Sensitivity Analysis

Sensitivity analysis is the study of how the uncertainty in the output of a model or system (numerical or otherwise) can be apportioned to different sources of uncertainty in its inputs. A model can be highly complex, and as a result, its relationships between inputs and outputs may be poorly understood. Some or all of the model inputs are subject to sources of uncertainty, including errors of measurement, absence of information and poor or partial understanding of the driving forces and mechanisms (Tameru, et al., 2012). This uncertainty imposes a limit on the confidence in the response or output of the model. Further, models may have to cope with the natural intrinsic variability of the system. An evaluation of the confidence in the model is critical. This requires, first, a quantification of the uncertainty in any model results (uncertainty analysis); and second, an evaluation of how much each input is contributing to the output uncertainty. Sensitivity analysis addresses the second of these issues (although uncertainty analysis is usually a necessary precursor), performing the role of ordering by importance the strength and relevance of the inputs in determining the variation in the output. In models involving many input variables, sensitivity analysis is an essential ingredient of model building and quality assurance (Tameru et al., 2012).

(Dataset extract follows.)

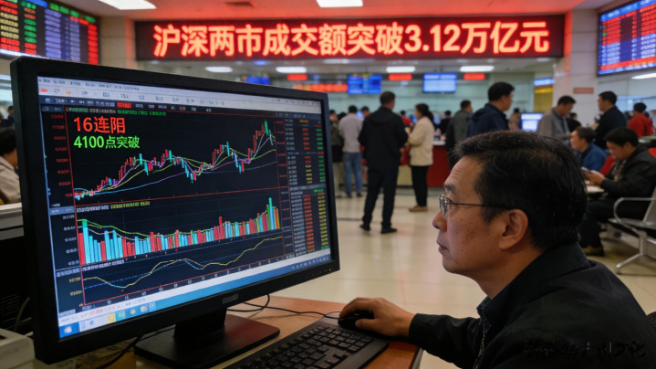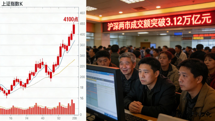 时隔十年,上证指数再次突破4100点,16个交易日全线飘红,两市成交额突破3万亿元,这些数字在2026年开年点燃了投资者的热情。

Sensitivity analysis results of selected variables that were examined together with their sensitivity ranking with respect to the likelihood of COVID-19 transmission through hand contact with the face due to the face-touching frequency times per hour are given in Table 3 (a). The results of sensitivity analysis of three variables that were also examined for the sensitivity ranking for the likelihood of infection transmission through hand contact with their T-zone due to the T-zone-touching frequency times per hour are also presented in Table 3 (b). Table 3 (a) shows that the frequency of hand contact with the face times per hour for the all participants (0.58), the frequency of hands contact with the face times per hour for the males (0.55), and the frequency of hands contact with the face times per hour for the females (0.45) were strong predictors of COVID-19 transmission through hand contact with their faces. The results in Table 3 (b) indicate that the T-zone-touching frequency times per hour for all the participants (0.66), the T-zone-touching frequency times per hour for males and few females who do not wear makeup (0.62), and the T-zone-touching frequency times per hour for all the females who usually wear makeup (0.24) were strong predictors of infection transmission through hand contact with their T-zones.

Table 3.

Sensitivity ranking for the probability of COVID-19 transmission due to: (a) the face-touching frequency times per hour and (b) facial mucous membrane (T-zone)-touching frequency times per hour.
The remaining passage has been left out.